What Is the BTC Funding Rate?

The BTC funding rate is the periodic payment between long and short holders of Bitcoin perpetual futures contracts, a mechanism that keeps perpetual contract prices aligned with spot prices. It is simultaneously:

  1. A market microstructure mechanism, the "glue" that tethers perps to spot
  2. The single best real-time sentiment indicator in crypto, directly measuring the cost and conviction of leveraged positioning
  3. A source of yield for delta-neutral strategies, one of the most consistent return streams in digital assets

Bitcoin perpetual futures ("perps") are the most-traded instrument in crypto markets, with aggregate daily volume exceeding $50 billion across centralized exchanges. Unlike traditional futures that expire quarterly, perps have no expiry, the funding rate mechanism replaces the natural convergence that expiration provides.
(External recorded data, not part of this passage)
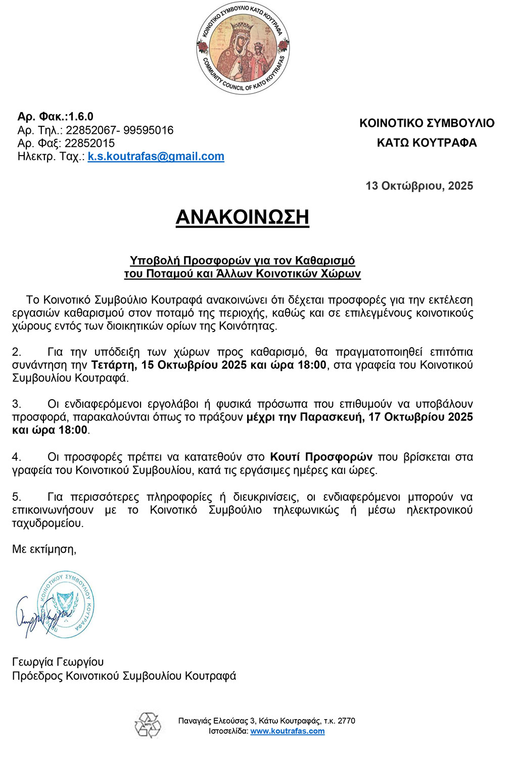 https://koutrafas.com/wp-content/uploads/logo-new.png00netinfohttps://koutrafas.com/wp-content/uploads/logo-new.pngnetinfo2025-10-13 12:15:532025-10-30 12:33:01ΑΝΑΚΟΙΝΩΣΗ – Υποβολή Προσφορών για τον Καθαρισμό του Ποταμού και Άλλων Κοινοτικών Χώρων
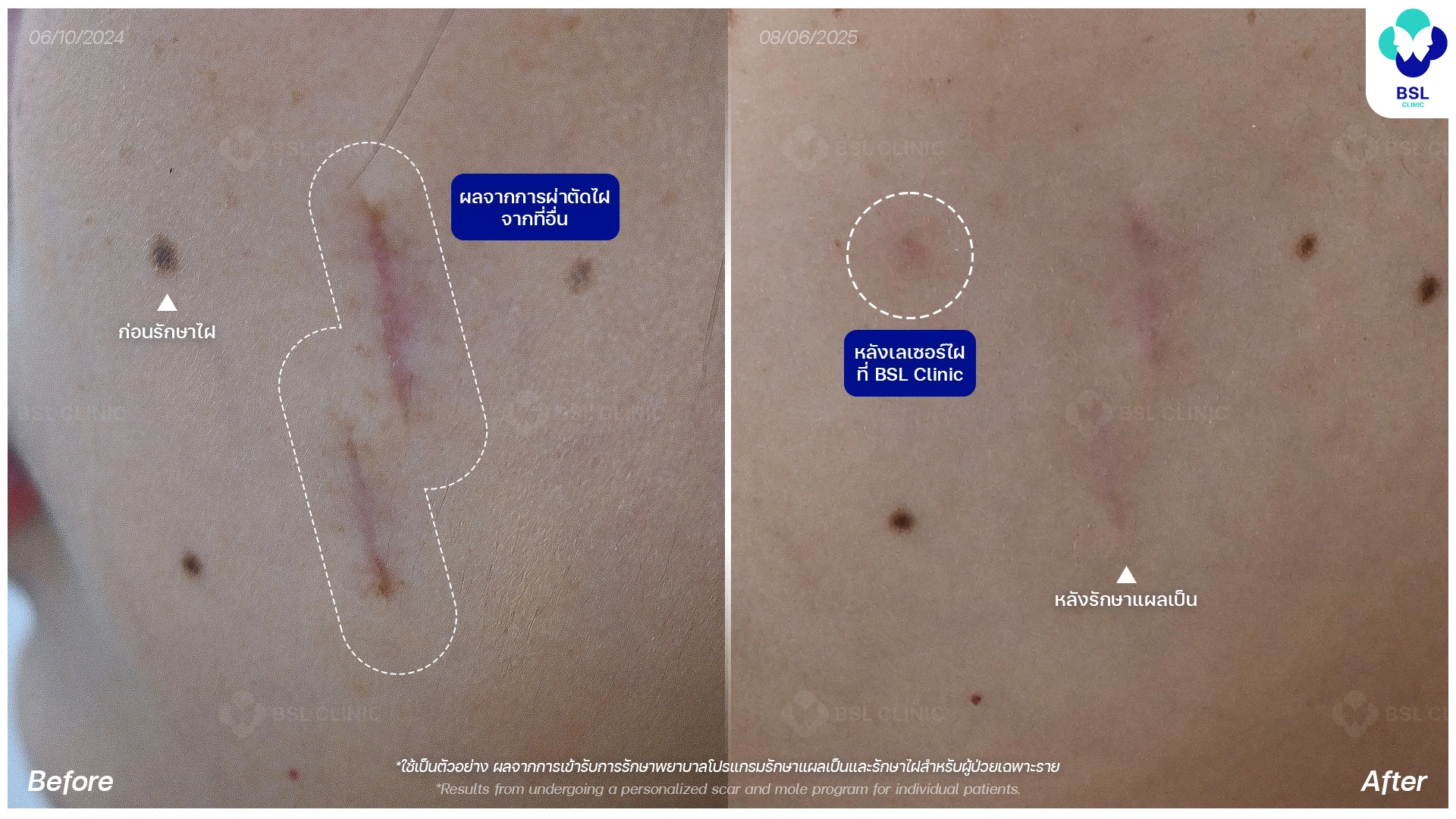 *ใช้เป็นตัวอย่าง ผลจากการเข้ารับการรักษาพยาบาลสำหรับผู้ป่วยเฉพาะราย*
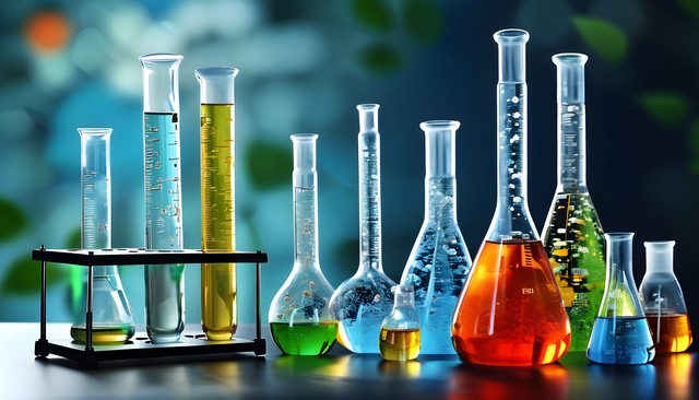 实验室中的多种玻璃器皿,装有蓝色液体,背景为书架和植物
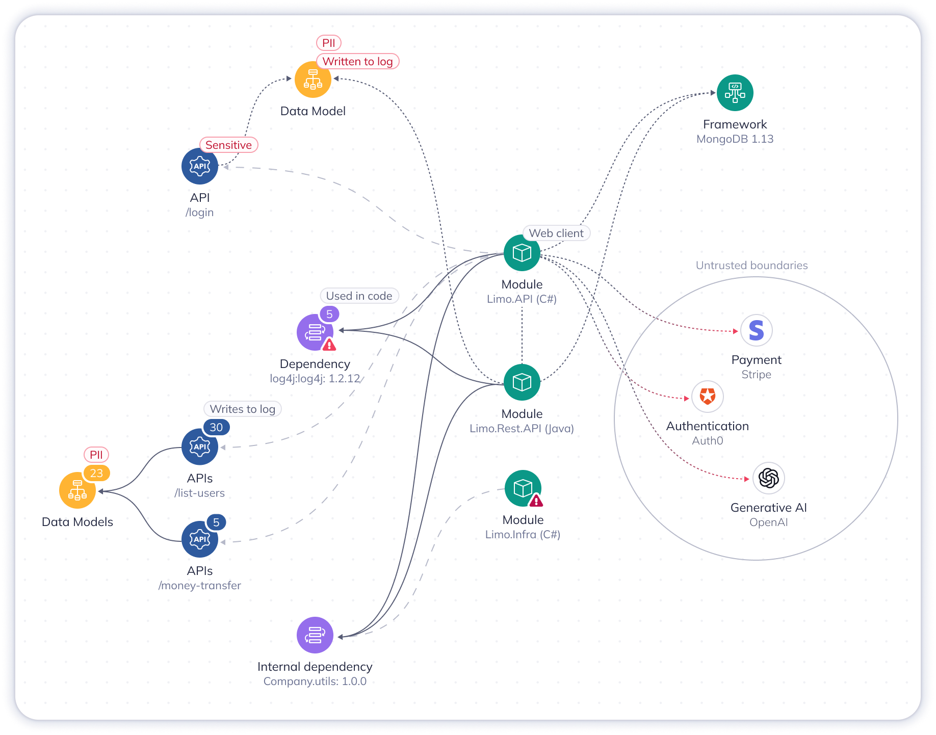 Only DCA discovers and maps every single application component (APIs, PII in code, GenAI frameworks, developer knowledge and ownership) to give you the complete picture of your software architecture from code-to-runtime.
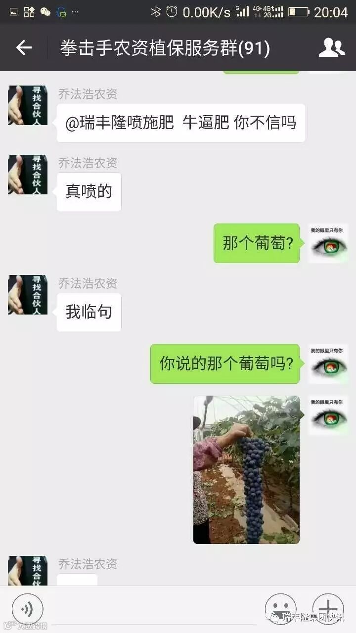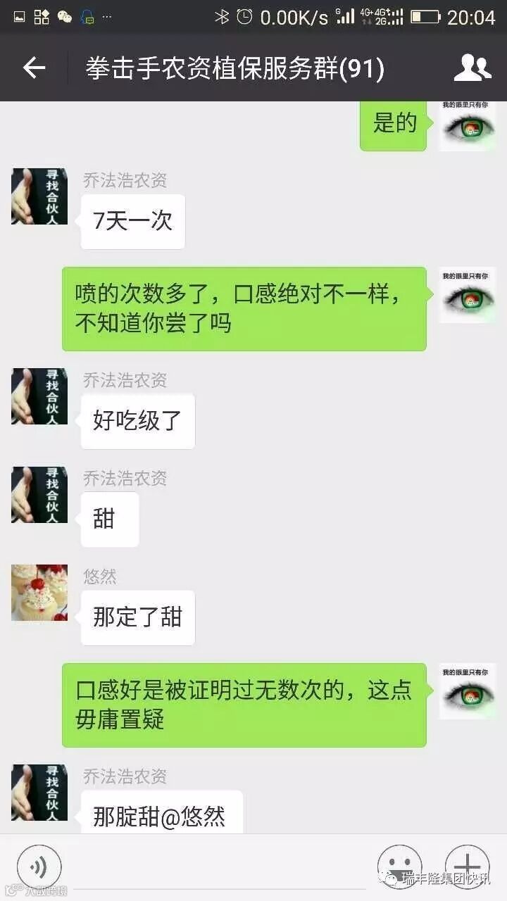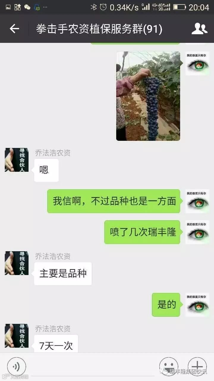 客户反映:喷施瑞丰隆后葡萄甜口感好
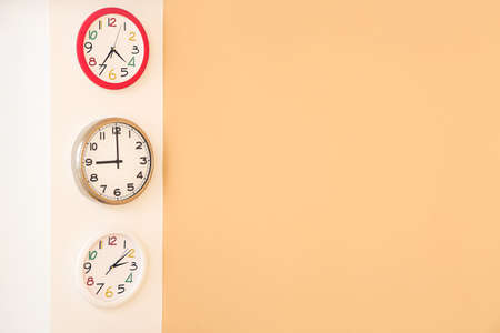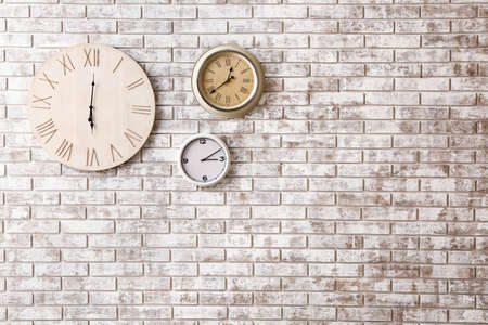 Clocks tell time and use time effectively. Work and life. Stopped hands. Studio photography.
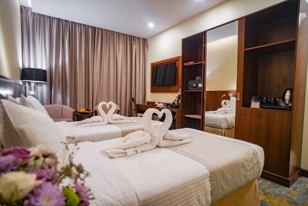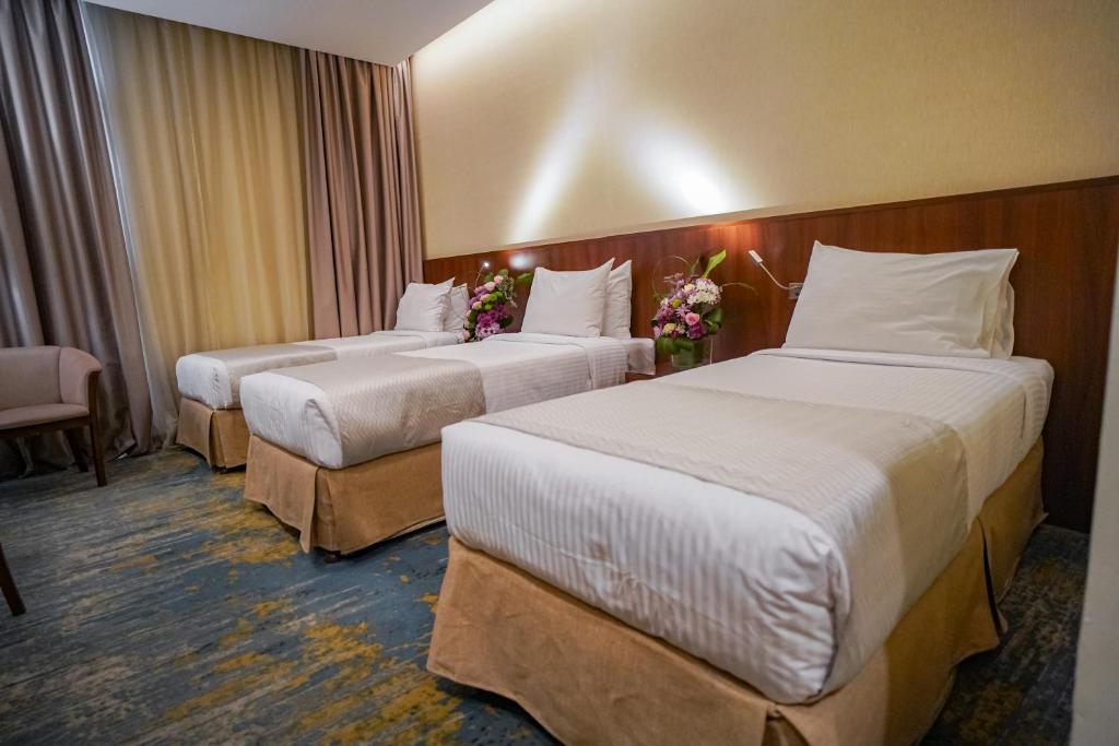 Comfortable Accommodations: Emaar Elite Hotel in Makkah offers 3-star comfort with free WiFi, air-conditioning, and private check-in and check-out services. Each room includes a bidet, walk-in shower, refrigerator, and TV. Convenient Facilities: Guests benefit from a shuttle service, lift, 24-hour front desk, concierge, housekeeping, and full-day security. Additional amenities include a seating area, free toiletries, and tiled floors. Prime Location: Located 94 km from King Abdulaziz International Airport, the hotel is a short walk from Masjid Al Haram (19 minutes) and Zamzam Well (1.6 km). Nearby attractions include Makkah Museum (6 km) and Hira Cave (9 km). Guest Satisfaction: Guests appreciate the room cleanliness, attentive staff, and convenient location.
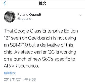 昨日晚間,Roland Quandt 在社交媒體上透露,在 GeekBench 跑分測試中現(xiàn)身的第二代企業(yè)版谷歌眼鏡的產(chǎn)品上,所使用的并非驍龍 710 芯片,而是一款高通專門針對 AR/VR 場景而設(shè)計的芯片。
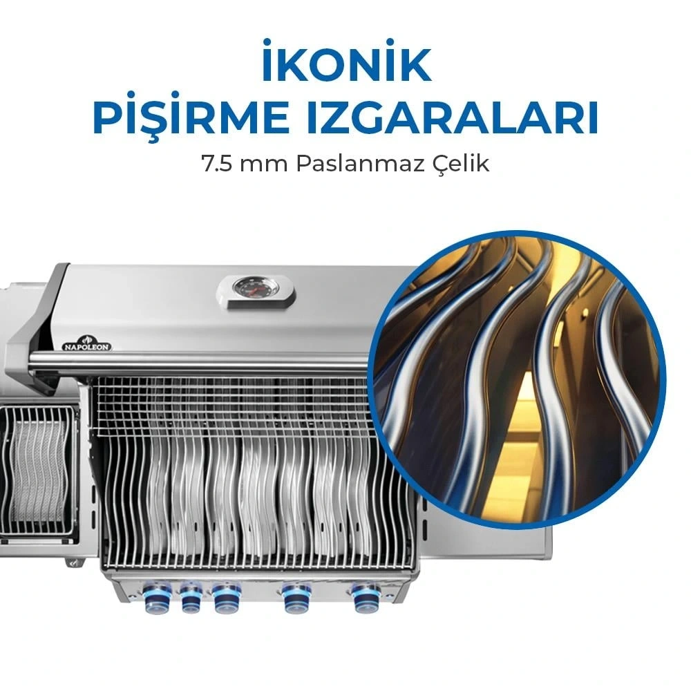 ![]() | PASLANMAZ DETAYLAR Napoleon Rogue Pro S serisi gazlı barbekülerin en büyük farklarından birisi de paslanmaz çelikten üretilmiş kapağı, gövdesi! Ayroca, ızgarası, aroma rayları, yağ tepsisi ve sıcak tutma ızgarası da paslanmaz çelik! |
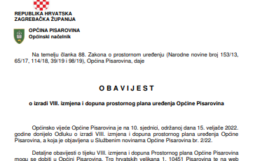 Obavijest o izradi VIII. izmjena i dopuna prostornog plana uređenja Općine Pisarovina
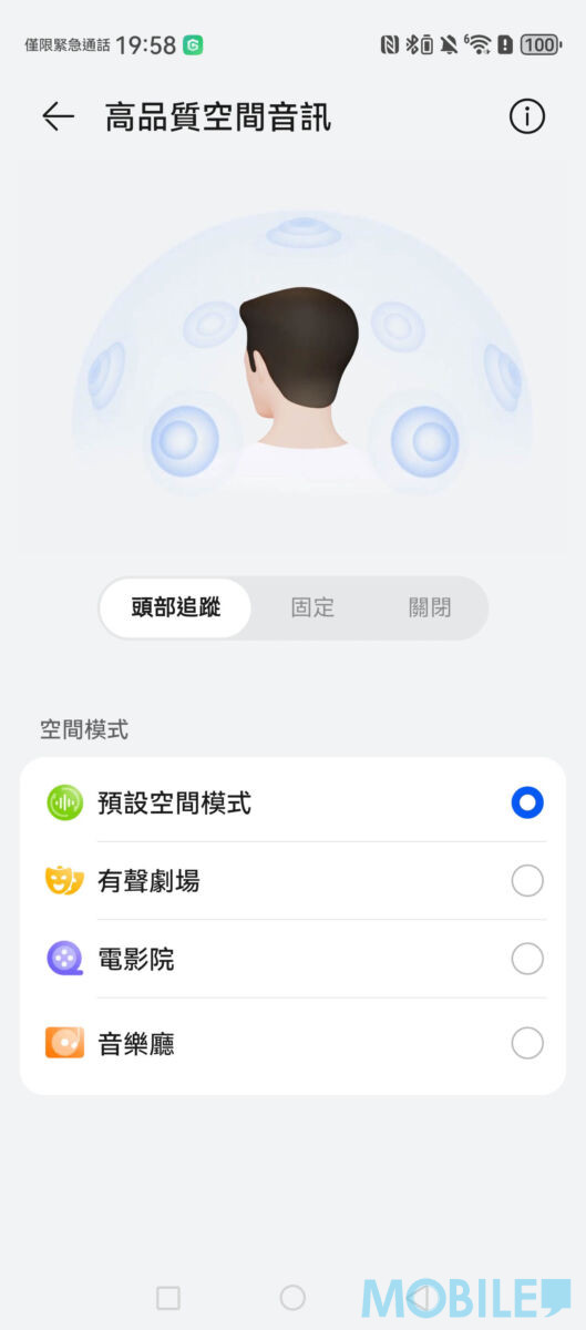 ▲ 支援全面高品質空間音訊設定,預設 4 種降噪方式
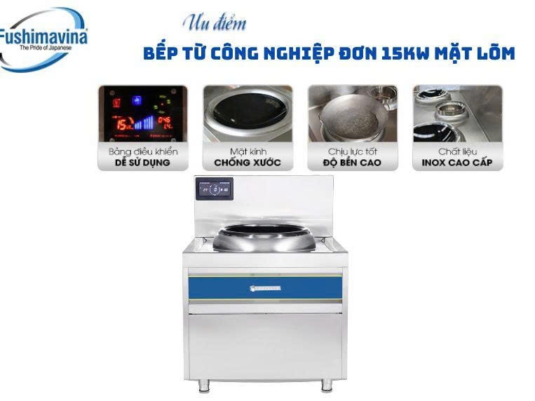 | Tên sản phẩm | Bếp Từ Công Nghiệp Đơn 15KW Mặt Lõm Fushimavina |

The Funding Rate Mechanism

How It Works

Every 8 hours (on most exchanges: 00:00, 08:00, 16:00 UTC), a payment is exchanged between long and short holders:

Condition Funding Rate Who Pays Whom Market Signal
Perp > Spot (contango) Positive Longs pay shorts Bullish positioning dominant
Perp = Spot Zero No payment Balanced positioning
Perp < Spot (backwardation) Negative Shorts pay longs Bearish positioning dominant

Funding Payment = Position Size × Funding Rate

If you hold a $100,000 long BTC position and the 8-hour funding rate is +0.05%:

  • You pay $50 every 8 hours → $150/day → $54,750/year (54.75% annualized)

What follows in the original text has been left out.